Added Dinette to '71 Tradewind, Gaucho removal.
 
2 Attachment(s)
I have always liked the design of the dinette that turns into a bed. I really don't care for the rear facing gaucho in the front of my Airstream. It seems a shame to face away from such a nice outside view through the front windows and door. I also don't really want to face the hall to the bathroom. I don't like the position of the fold out table, it's hard to get in and out of the seat. A friend bought a similar model to mine and it had a rather crappy homemade dinette that he was junking. If it had been better I would have bought it from him. He said he would buy my gaucho, so that was what it took to push me over the edge. Out it came, and he's a happy camper.
Before and after:

bendavanza 04-18-2013 04:28 PM

3 Attachment(s)
I'm not a woodworker so I enlisted the help of my dad, and I did a lot of research here and other places on the web for ideas. I wondered how we could replicate the curved interior, and read about the "story stick" which worked wonders. I didn't take any pics of the template making, as my hands were full.
First job was to find the center of the trailer pop some chalk lines on the floor. Lucky for me I already pulled up the carpet and tiles in this area so I could mark right on the floor. We used 3/4" birch plywood. I know it's overkill on weight but it will be sturdy. At least we ripped the 2x4's in half for framing. The foot board is backed by a 2x2" framed wall and topped with a piece of 3/4" hard wood making a ledge for the tabletop to sit on. Next we cut the curved face panels. This simple curve was easy to trace on a crude cut piece using your finger as a spacer for the pencil. We flopped it and used it as a template for the other side. It fit. Next we made an interior wall out of plywood strips around 4" wide that will support the seat's hinged area. Then we cut out the seating panel, using the story stick. We used a stick of 2x2 with a squared end. It wasn't perfect but it fit within reason. Nothing is square or consistent in these trailers. We cut out a hatch and installed piano hinges. We cut out the backs and I had to pack it up and finish at home. I neglected to take pictures of the framing but I'll ad some in the next few days.

bendavanza 04-18-2013 04:49 PM

3 Attachment(s)
We made some perimeter support posts for the seat area to go around the curved wall, and screwed it all together. I added hinges to the backrest so there would be more storage, and used a magnet latch to secure it. I may beed to add another latch on the other side. Now comes the most difficult fit: cutting a shelf panel that follows the curve of the wall, is square to the back rest to support it, and square to the side panel. This time I used a pointed story stick and made 3 times as many tracings.
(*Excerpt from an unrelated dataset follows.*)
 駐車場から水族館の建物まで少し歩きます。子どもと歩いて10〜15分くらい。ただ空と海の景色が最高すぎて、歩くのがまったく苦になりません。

It paid off. I can't tell you how satisfying the little shelves were, I did not thinkI would be able to get such a good fit. The contour worked for the opposite side, too but not the square dimensions. Metal angle brackets secure the shelf to the wall and side panel. I used "danish oil" medium walnut. I got a table hinge and folding leg from VTS. I am very pleased with the result. We picked up some simple outdoor seat cushions at Target. The plan is to get Aluminum edging from Outwater Plastics for the visible plywood edges, and have a local upholsterer custom build a booth style pads in some colors to compliment the new "feeling groovy" curtains. The tabletop will get a retro laminate when the kitchen counters are replaced in the near future. Probably boomerang.
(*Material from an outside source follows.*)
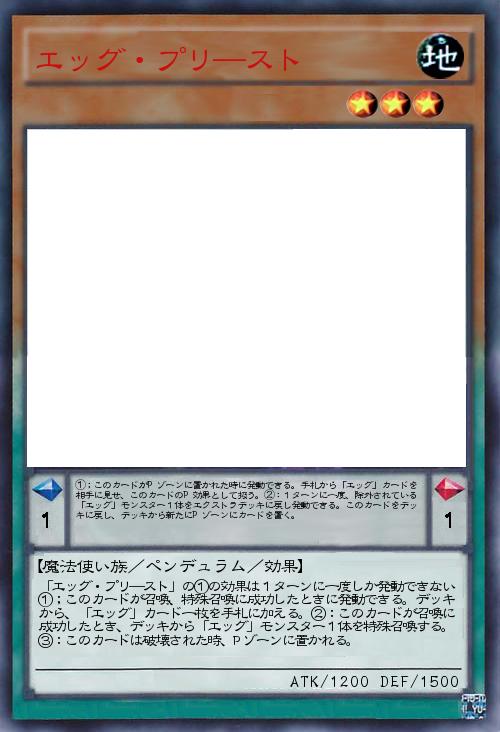 | 「エッグ・プリ―スト」の①の効果は1ターンに一度しか発動できない ①;このカードが召喚、特殊召喚に成功したときに発動できる。デッキから、「エッグ」カード一枚を手札に加える。②:このカードが召喚に成功したとき、デッキから「エッグ」モンスター1体を特殊召喚する。③:このカードは破壊された時、Pゾーンに置かれる。 | |||

Becky B. 04-18-2013 04:54 PM

Looks great! That front curve is a bugger, that's for sure! Keep up the fabulous work.

bendavanza 04-18-2013 05:09 PM

4 Attachment(s)
Here are a few more pics. It's so nice to have somewhere comfortable to sit with a table, and the view is exactly what I was looking for. I look forward to using it this weekend at Texas Vintage Trailer's spring rally this weekend.
Thanks to all of you on this forum who share knowledge and inspiration.
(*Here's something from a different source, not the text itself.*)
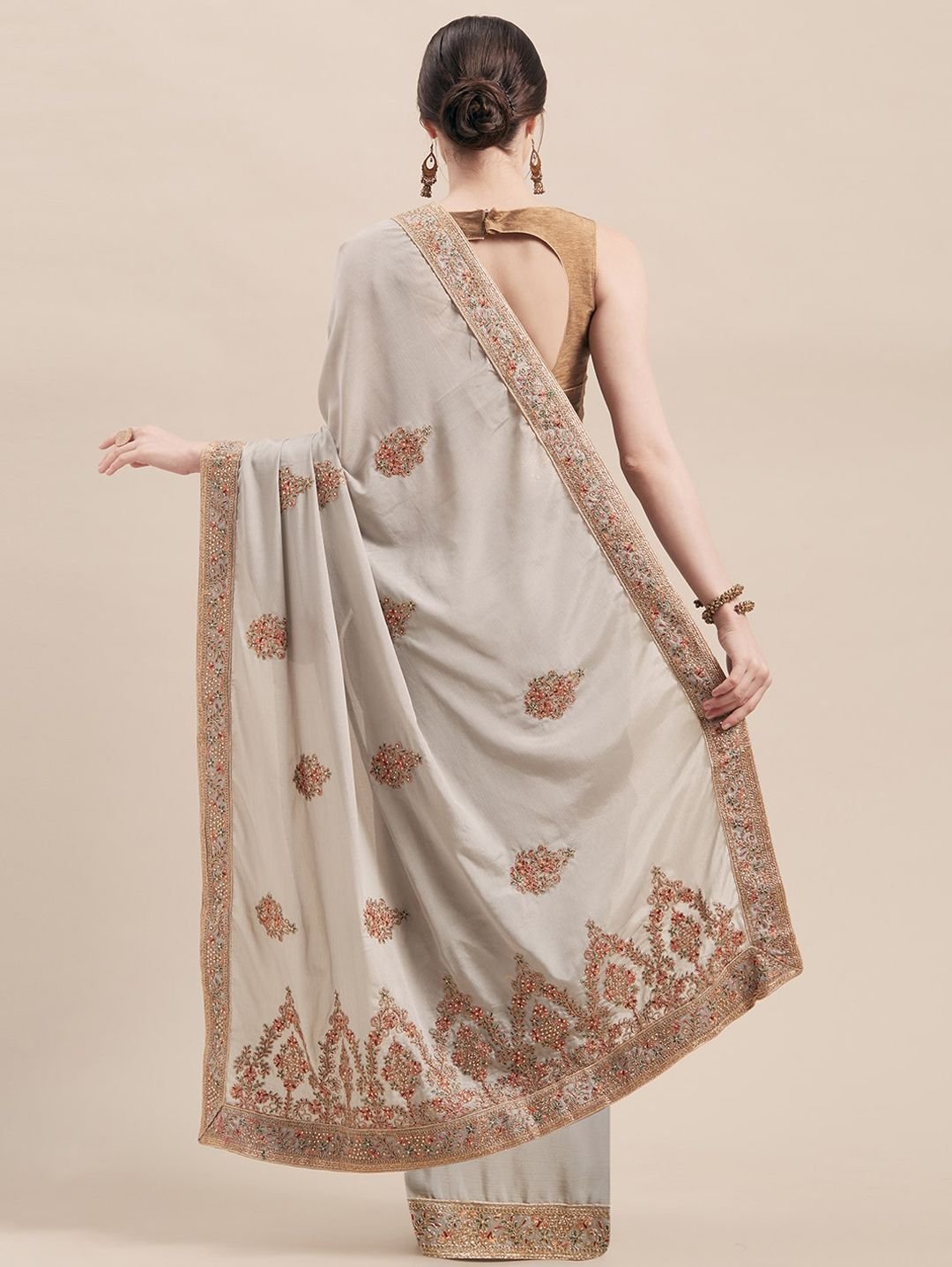 Indian Party Wear sarees, Embroidered Border art Silk Saree in Light Beige with a Semi-Stitched Embroidered Art Silk Blouse in Light Beige. The Price In INR ₹9,378.00. Dress Code: SSHA1463

chadloose 04-18-2013 07:18 PM

Fantastic, looks great. Want to do the same, but have the water tank under the Gaucho that makes the resulting dinette less comfortable...

Thanks for sharing the pics!

bendavanza 04-19-2013 02:51 PM

Couldn't the water tank be relocated under one of the seats?



Quote:

Originally Posted by chadloose (Post 1288098)
Fantastic, looks great. Want to do the same, but have the water tank under the Gaucho that makes the resulting dinette less comfortable...

Thanks for sharing the pics!


kevin242 04-19-2013 06:24 PM

Looks great! We much prefer the dinette over the gaucho in our Tradewind as well.

Flynavy 04-19-2013 06:54 PM

1 Attachment(s)
Did the same with ours. I think Kevin is the one who pposted the measurements to follow which was a great help.

albert 12-03-2013 03:23 AM

Quote:

Originally Posted by kevin242 (Post 1288474)
Looks great! We much prefer the dinette over the gaucho in our Tradewind as well.

Kevin,any chance of getting those dinette measurements again? Love what you did!
Thank you!

bendavanza 12-04-2013 07:46 AM

measurements
 
3 Attachment(s)
I roughly followed these dimensions and used the other two pics for shape, these three images I found on other dinette threads at airforums.com.

albert 12-04-2013 08:19 AM

Story stick?
 
Could you show/explain what a story stick is, please! I'm about to tackle the same nightmare and could use any help in getting the curves right,
Thanks!

Quote:

Originally Posted by bendavanza (Post 1288043)
We made some perimeter support posts for the seat area to go around the curved wall, and screwed it all together. I added hinges to the backrest so there would be more storage, and used a magnet latch to secure it. I may beed to add another latch on the other side. Now comes the most difficult fit: cutting a shelf panel that follows the curve of the wall, is square to the back rest to support it, and square to the side panel. This time I used a pointed story stick and made 3 times as many tracings. It paid off. I can't tell you how satisfying the little shelves were, I did not thinkI would be able to get such a good fit. The contour worked for the opposite side, too but not the square dimensions. Metal angle brackets secure the shelf to the wall and side panel. I used "danish oil" medium walnut. I got a table hinge and folding leg from VTS. I am very pleased with the result. We picked up some simple outdoor seat cushions at Target. The plan is to get Aluminum edging from Outwater Plastics for the visible plywood edges, and have a local upholsterer custom build a booth style pads in some colors to compliment the new "feeling groovy" curtains. The tabletop will get a retro laminate when the kitchen counters are replaced in the near future. Probably boomerang.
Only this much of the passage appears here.